How R.E.M.’s ‘Monster’ Signaled The End Of Alternative Rock

Here’s a book pitch: A sequel to Michael Azerrad’s venerable Our Band Could Be Your Life, in which the story of American indie rock’s roots in the ’80s continues by delving into the boom and bust of ’90s alternative rock.

One of the most fascinating chapters in this hypothetical tome would be about R.E.M., a subject of the original Our Band Could Be Your Life, who went from being an early pioneer of the so-called “Amerindie” scene to one of the most popular bands in the world after they signed with Warner Bros. in 1988. After concluding a successful though grueling marathon tour in support of their major-label LP, Green, R.E.M. opted to stay home for the next several years and create their lushest and most orchestrated music .

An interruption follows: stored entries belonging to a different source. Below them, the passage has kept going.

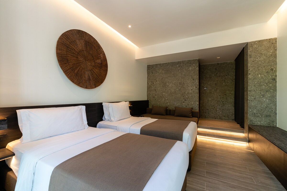 這間單間公寓坐落在島上最壯觀、最長的沙灘之一旁邊。 從露臺可以看到標誌性、放鬆的香巴拉海灘酒吧無邊際海灘前泳池和壯觀的島嶼海灣。 工作室非常寬敞,面積69平方公尺,面向大海的大陽臺,有海風和日落。 可供2名成人入住。包早餐。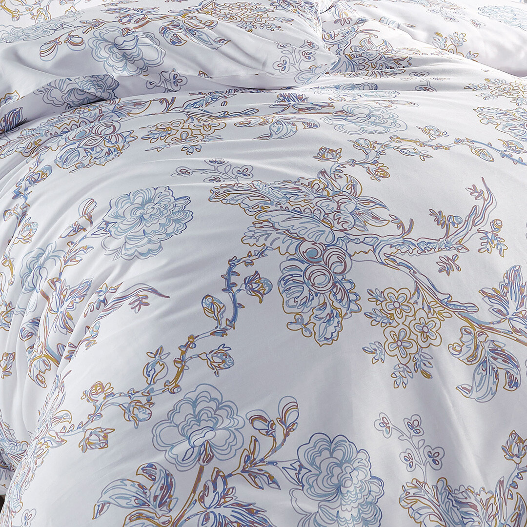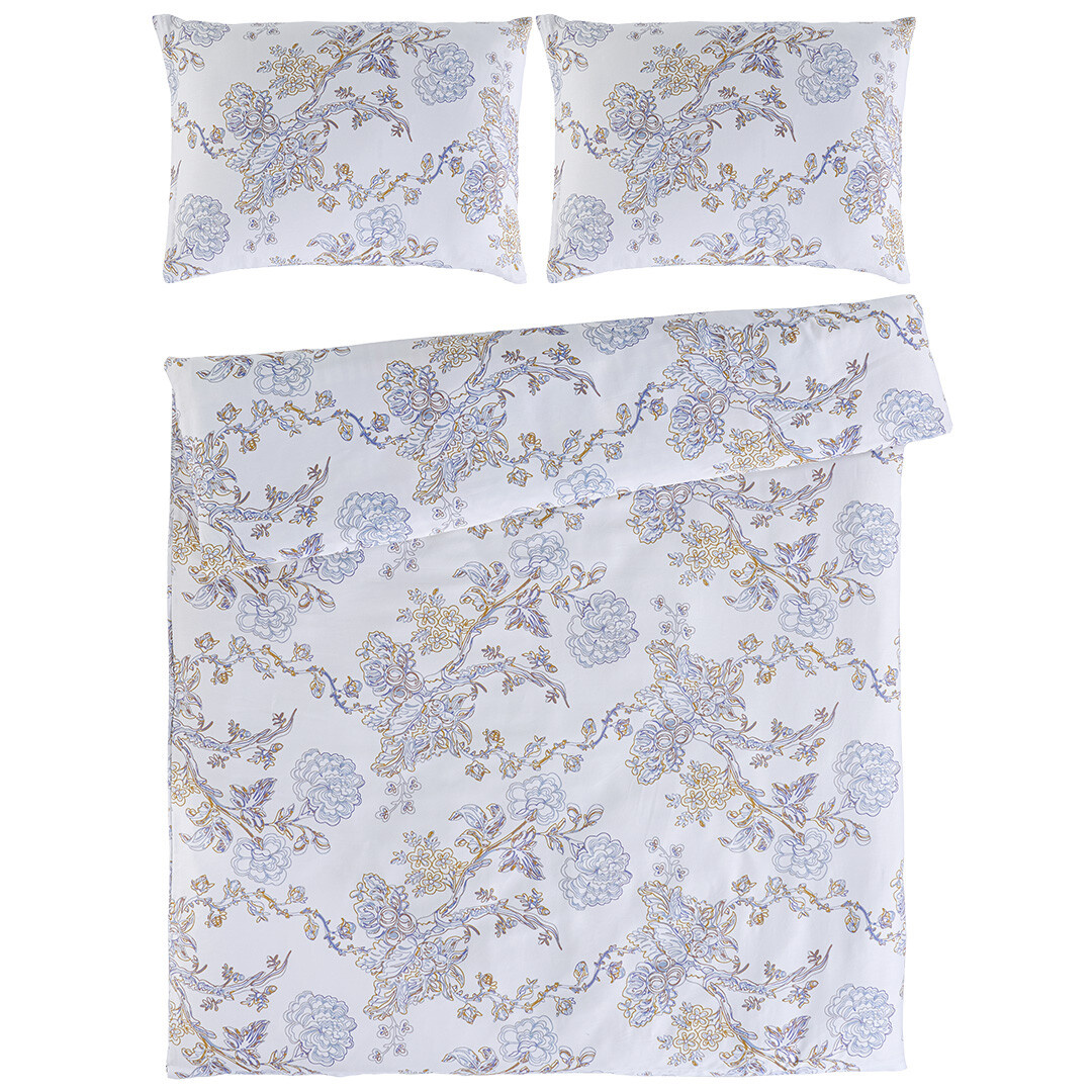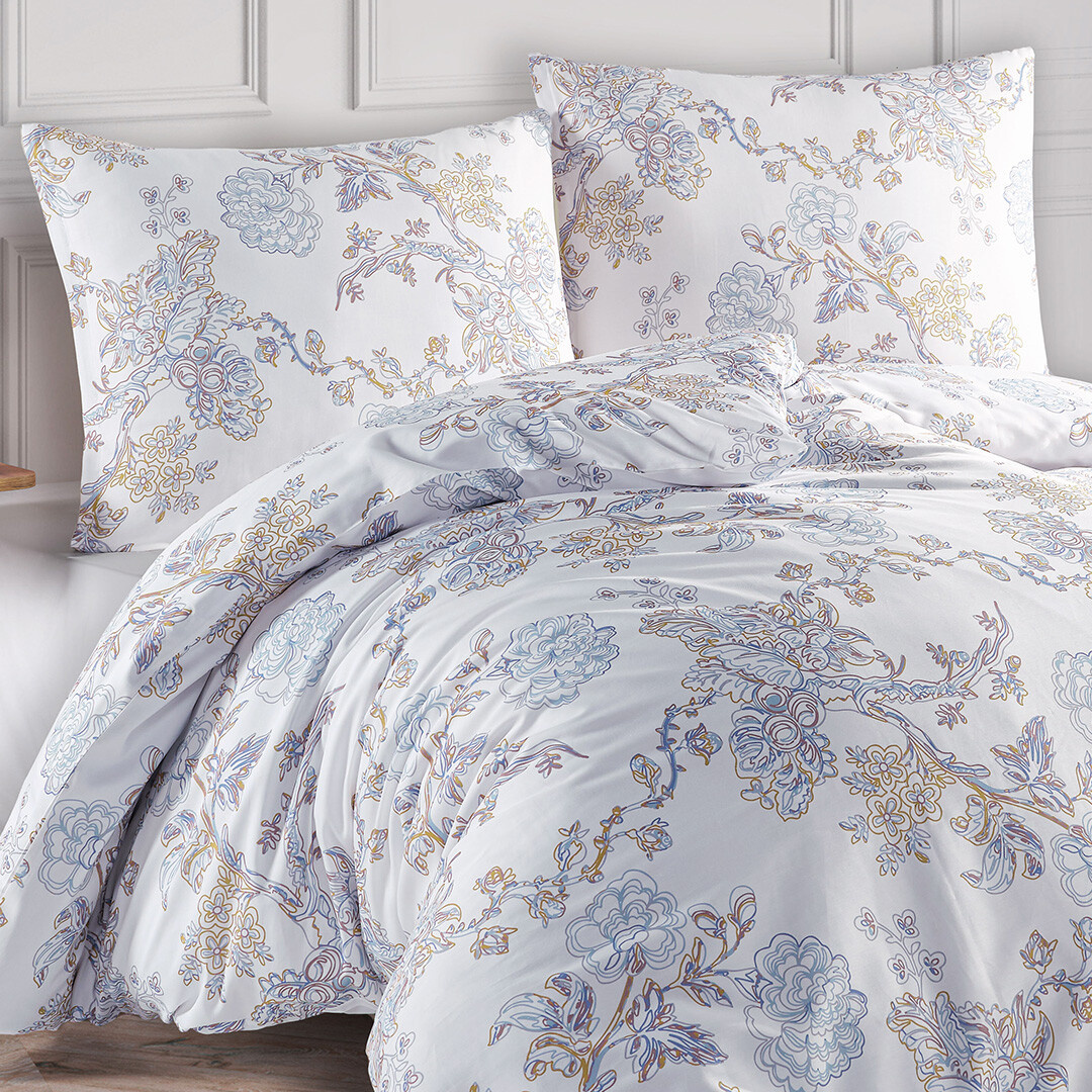 Luxusní saténové povlečení Elegance s květinovými ornamenty, působí velice vznešeně. Tyto květinové ornamenty v jemných barvách světle modré a šedé, dotvoří dokonalý obraz Vaší ložnice. Hlavní předností povlečení je dobrá savost, vzdušnost a hebkost. Díky digitálnímu tisku, vzor krásně vyniká a bude nenásilně dominovat ve Vašich ložnicích a pokojích. Povlečení bude ladit s prostěradly v barvách fialkové, šedé, bílé a modré.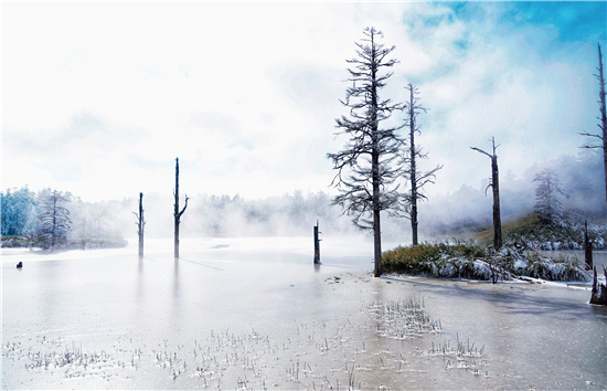 11月30日凌晨起,瓦屋山景区陆续开始飘雪,清晨已被铺上一层薄薄的雪粒,目前景区内依旧在持续降雪中。雪粒、雪花纷纷扬扬地飘落下来,让整个瓦屋山顶白了头,山顶冷杉林、箭竹林、游步道、观景台也都被披上了一层晶莹的白色羽衣。景区内的游客都享受着降雪带来的喜悦,一时间,瓦屋山的雪景刷爆了朋友圈。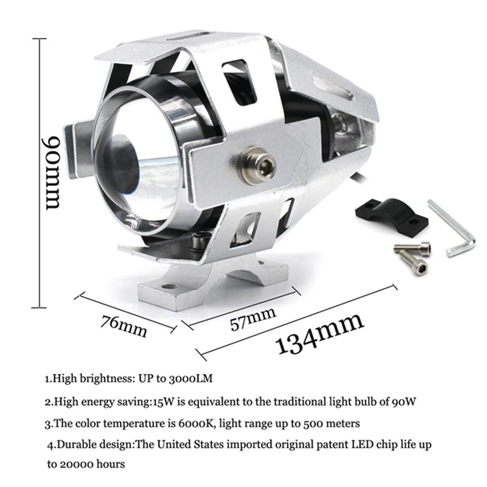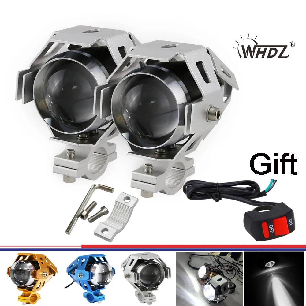2 x 125W U5 Motorcycle LED Driving Fog Head Spot Light with high beam low beam flash beam Headlight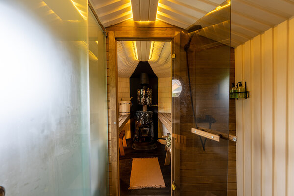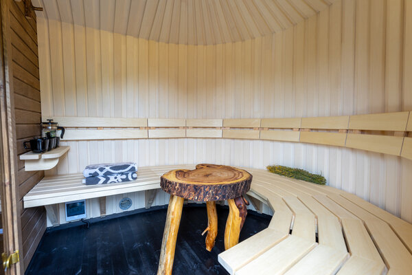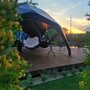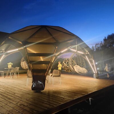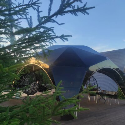 Для вашего удобства в глэмпинге предусмотрены две просторные теплые беседки с прозрачными стенами, которые подарят вам панорамный вид на живописные окрестности в любую погоду, две ароматные бани, привезенные из Карелии, где вы сможете расслабиться и оздоровиться.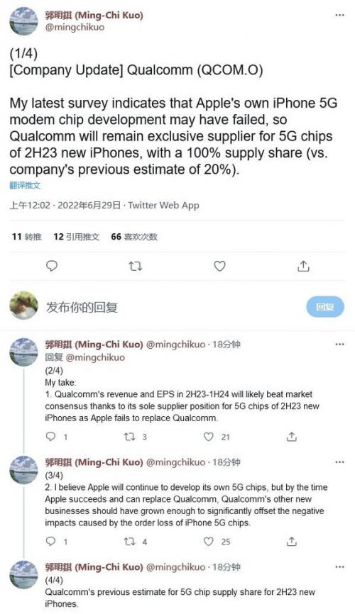 6月29日早间消息,知名分析师郭明Z表示,最新调查表明,苹果5G基带芯片研发可能已经宣告失败,毫无疑问,高通将继续成为2023年新款iPhone的5G芯片独家供应商,供应份额为100%。或许高通之前对苹果太有信心,此前其预估的供应份额仅为20%。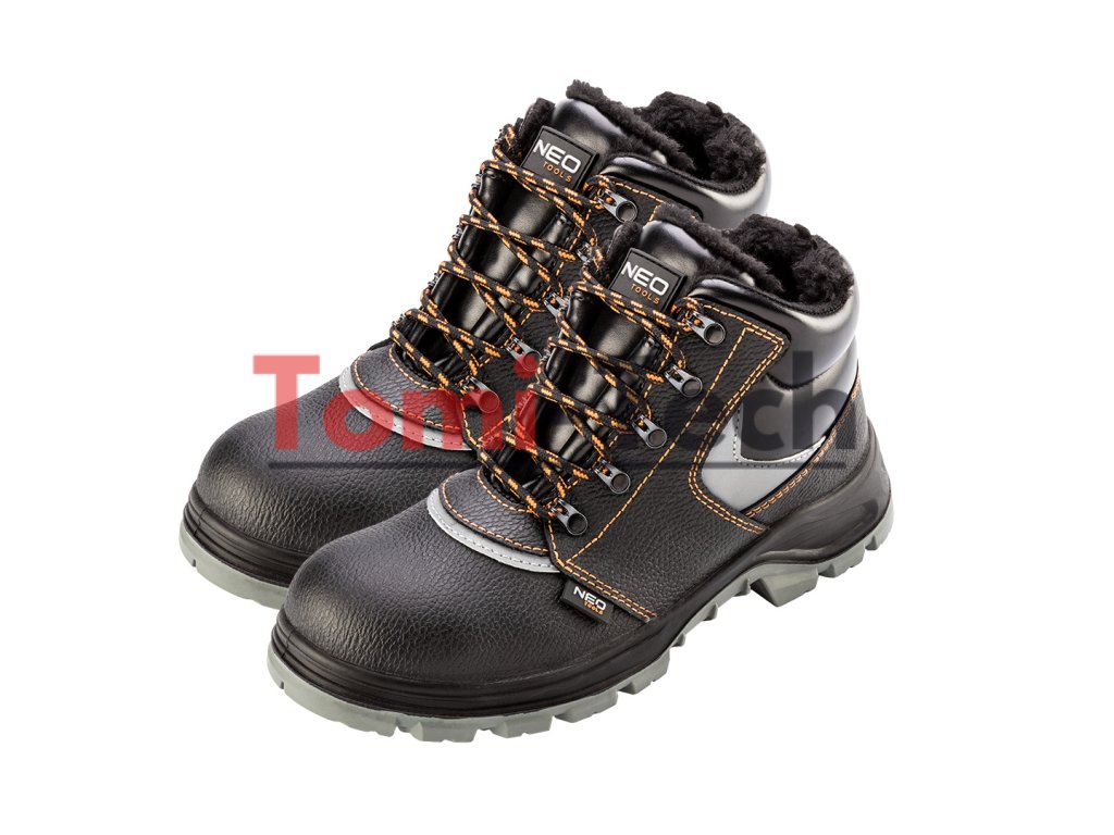 Zateplené pracovné topánky S3 SRC, veľkosť 41, kožené, vodeodolné, protišmyková podrážka s tlmiacim systémom, odolné voči oderu, olejom, benzínu a iným organickým rozpúšťadlám, oceľová špička odoláva nárazu do 200 J, oceľová vložka proti prepichnutiu, antistatická vložka, obuv vyrobená v kategórii S3 SRC, (SRC - odolnosť proti pošmyknutiu na keramickom povrchu potiahnutom roztokom laurylsulfátu sodného (SLS) a na oceľovom povrchu potiahnutom glycerolom), certifikát CEDodatočné parametre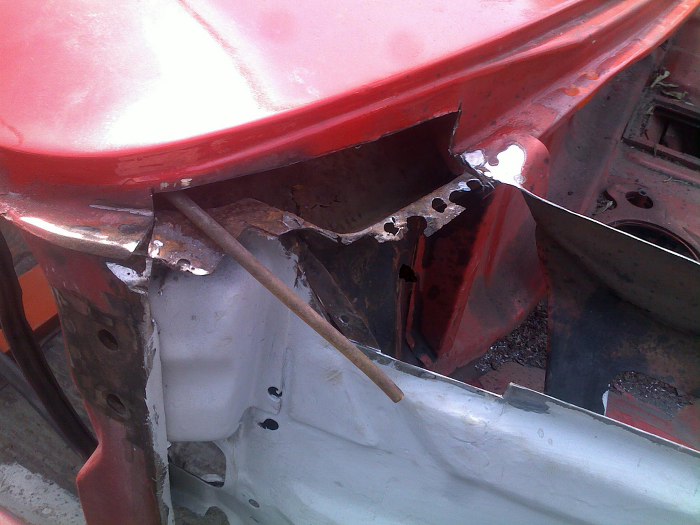 Wyciął łatki na słupek A, zastąpiły one spaprane łatanie poprzedniego fachowca. Mimo, że wcześniej nie spawał, podjął się je zaspawać i, mimo, że narzeka, że mu niezbyt wyszło, to ja sądzę, że jest bardzo przyzwoicie.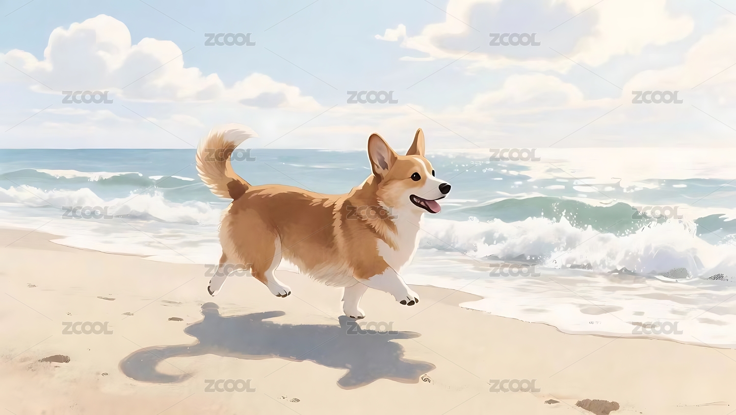 阳光海滩上奔跑的小狗

Only The Beatles had ever previously dared to essentially take themselves out of the public eye at the height of their fame, in order to focus on songwriting and honing their craft as record-makers. But with 1991’s Out Of Time and 1992’s Automatic For The People, R.E.M. somehow managed to become even more popular, selling more than eight million records combined as their artfully shot videos for folk-rock smashes like “Losing My Religion” and “Man On The Moon” played in constant rotation on MTV.

At a time when social media keeps pop stars in our faces at all times, R.E.M.’s ability to grow its audience while otherwise maintaining radio silence remains an unprecedented feat that likely won’t be duplicated. Looking back on this era more than 25 years later, R.E.M. guitarist Peter Buck recalls feeling safely insulated from the ramifications of the band’s fame in the early ’90s.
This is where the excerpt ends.